In a 6 to 3 decision by the U.S. Supreme Court, an Arkansas man, Alex Blueford, can now be retried for capital murder after a jury in his 2009 trial voted to acquit him of a capital murder but deadlocked on lesser charges.

Blueford was charged with murdering his girlfriend's 20-month-old son, who died of a head injury.

Prosecutors had waived the death penalty but charged Mr. Blueford with capital murder in order to seek life in prison without the possibility of parole, alleging he injured the child intentionally. The defendant said he knocked the boy down by accident.

The trial judge told jurors that if they didn't believe Mr. Blueford was guilty on the capital-murder charge, they should consider whether he was guilty of a series of lesser offenses: first-degree murder, manslaughter or negligent homicide.

The jury forewoman reported that the jury was "hopelessly" deadlocked. Jurors were "unanimous against" a conviction for capital murder or first-degree murder, she said, but deadlocked 9-3 on whether to convict the defendant of manslaughter. After another 30 minutes, jurors returned again to say they couldn't reach a verdict. The judge declared a mistrial.

When the state moved to retry Mr. Blueford, he sought dismissal of the murder charges, while conceding he could be retried for manslaughter. The case turned into a battle over the interpretation of the Constitution's double-jeopardy clause, which protects a defendant from being tried for the same offense twice.

Chief Justice John Roberts, in a 6-3 opinion for the court, said the forewoman's report on the state of deliberations wasn't a formal finding of acquittal on the capital-murder or first-degree-murder charges. He observed that the jury had continued to deliberate after the forewoman's report, and said jurors were free to reconsider whether Mr. Blueford was guilty of a greater offense. The jury, he said, didn't exercise either of the two options provided by Arkansas law: convict Mr. Blueford on one of the offenses or acquit him on all them.
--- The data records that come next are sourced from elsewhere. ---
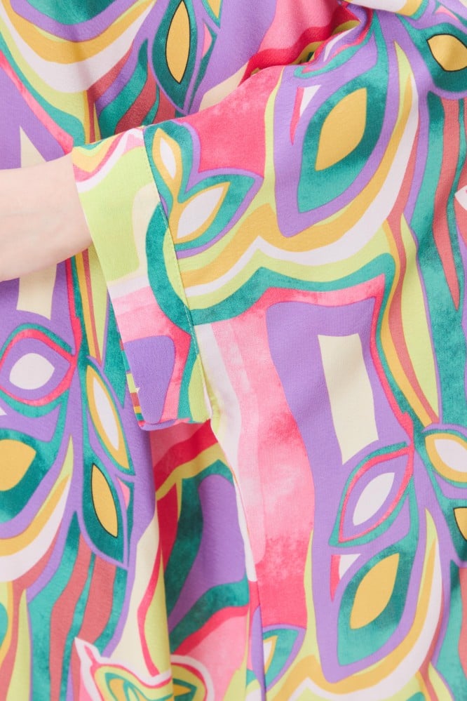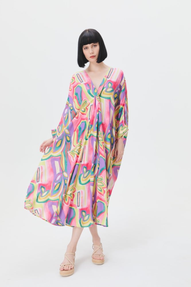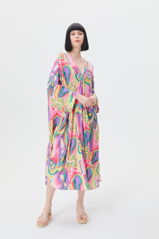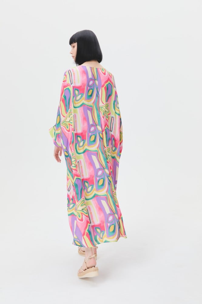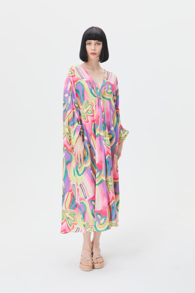 لإطلالة مبهرة تألقي بجلابية مزينة بنقوش جذابة و تتميز بقصة انسيابية وفتحة رقبة على شكل حرف V وأكمام طويلة
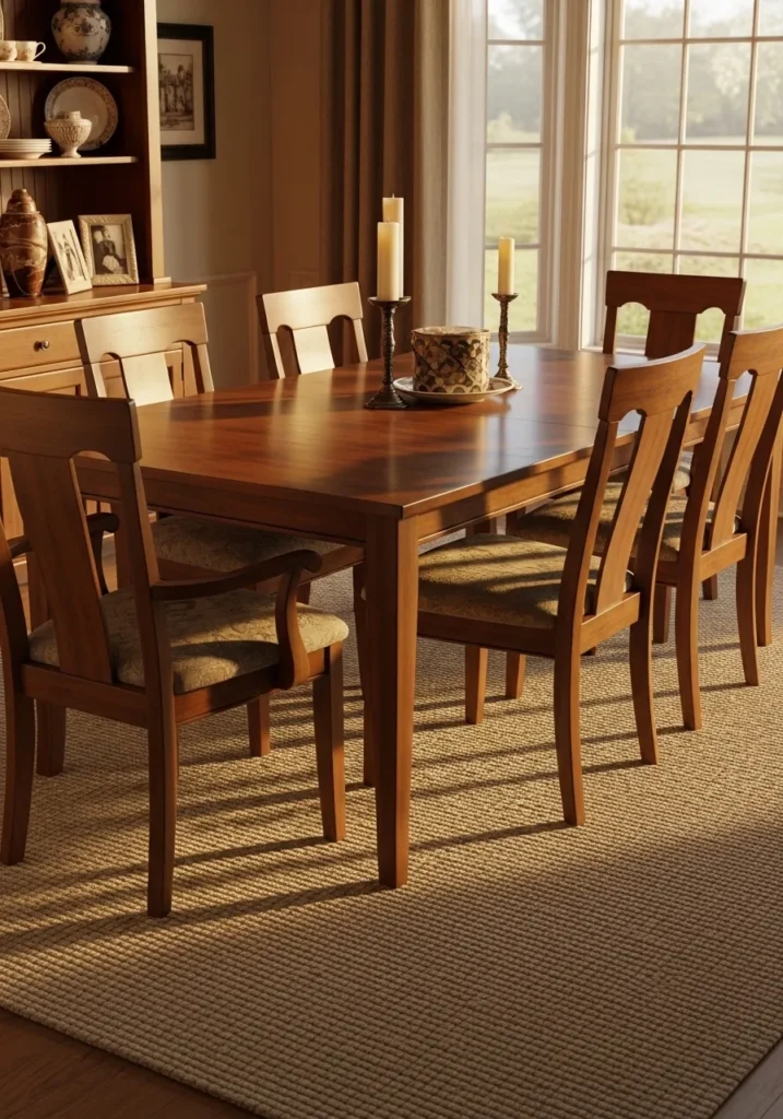 This dining area centers around a solid wooden table with six matching chairs that feel timeless and sturdy. Soft daylight comes through the window, warming up the wood tones and the textured rug underneath. The furniture feels well proportioned, leaving enough room to sit comfortably without crowding. Everything feels familiar and inviting.
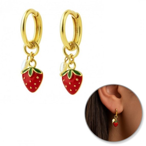 Kolczyki ze stali szlachetnej platerowane 14k złotem, TRUSKAWKI wiszące czerwone KST3406
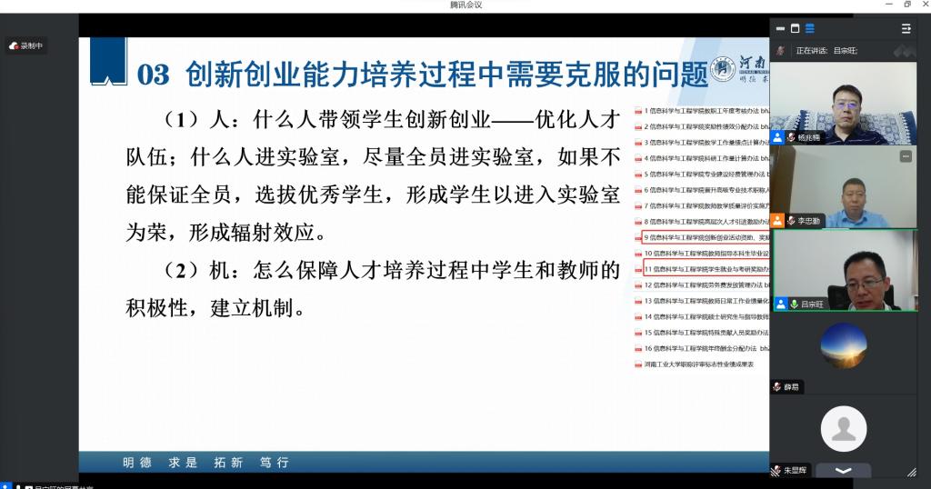 为了提升乐鱼网站_乐鱼(中国)大学生创新创业能力,提高教师指导大学生创新创业项目的工作成效,9月21日,创新创业学院与电气与控制工程学院共同邀请河南工业大学吕宗旺教授通过线上的形式做了关于“提升大学生创新创业能力的培养策略”的交流报告。报告从创新人才培养面临的问题出发,提出了从“人、机、物、法”四个方面破解问题的方法,并通过亲身实践的详实案例和做法为大家展示了如何培养创新型人才的路径,为乐鱼网站_乐鱼(中国)教师提供了良好的借鉴和启发。最后与会教师关于创新实验班和创新实验室建设方面与吕教授进行了深入交流。

"When the jury was unable to return a verdict, the trial court properly declared a mistrial and discharged the jury," Chief Justice Roberts wrote in a 10-page opinion. "As a consequence, the Double Jeopardy Clause does not stand in the way of a second trial on the same offenses."
The court's four other conservative justices and one member of the court's liberal wing, Justice Stephen Breyer, joined the decision.

Mr. Blueford and his supporters relied on two earlier Supreme Court rulings, from 1957 and 1970, in which the court ruled that a defendant is implicitly acquitted of more severe charges when a jury chooses to convict only of a lesser offense. The court said in both decisions that the protection against double jeopardy prohibits a second trial on the greater offense.

Mr. Blueford argued that the double-jeopardy clause should afford him even more protection because he wasn't convicted of the lesser offense either. Chief Justice Roberts said those cases were different because they involved final jury verdicts, while this case did not.

Justice Sonia Sotomayor, writing for the dissenters, said the decision unfairly gave prosecutors a "second bite at the apple" because the jury "unmistakably announced acquittal" on the capital and first-degree murder charges. "That ought to be the end of the matter," she wrote.

Justice Sotomayor said the court's ruling departed from the "long-established" principle that double jeopardy could come into play even if an initial prosecution didn't result in a conviction or acquittal.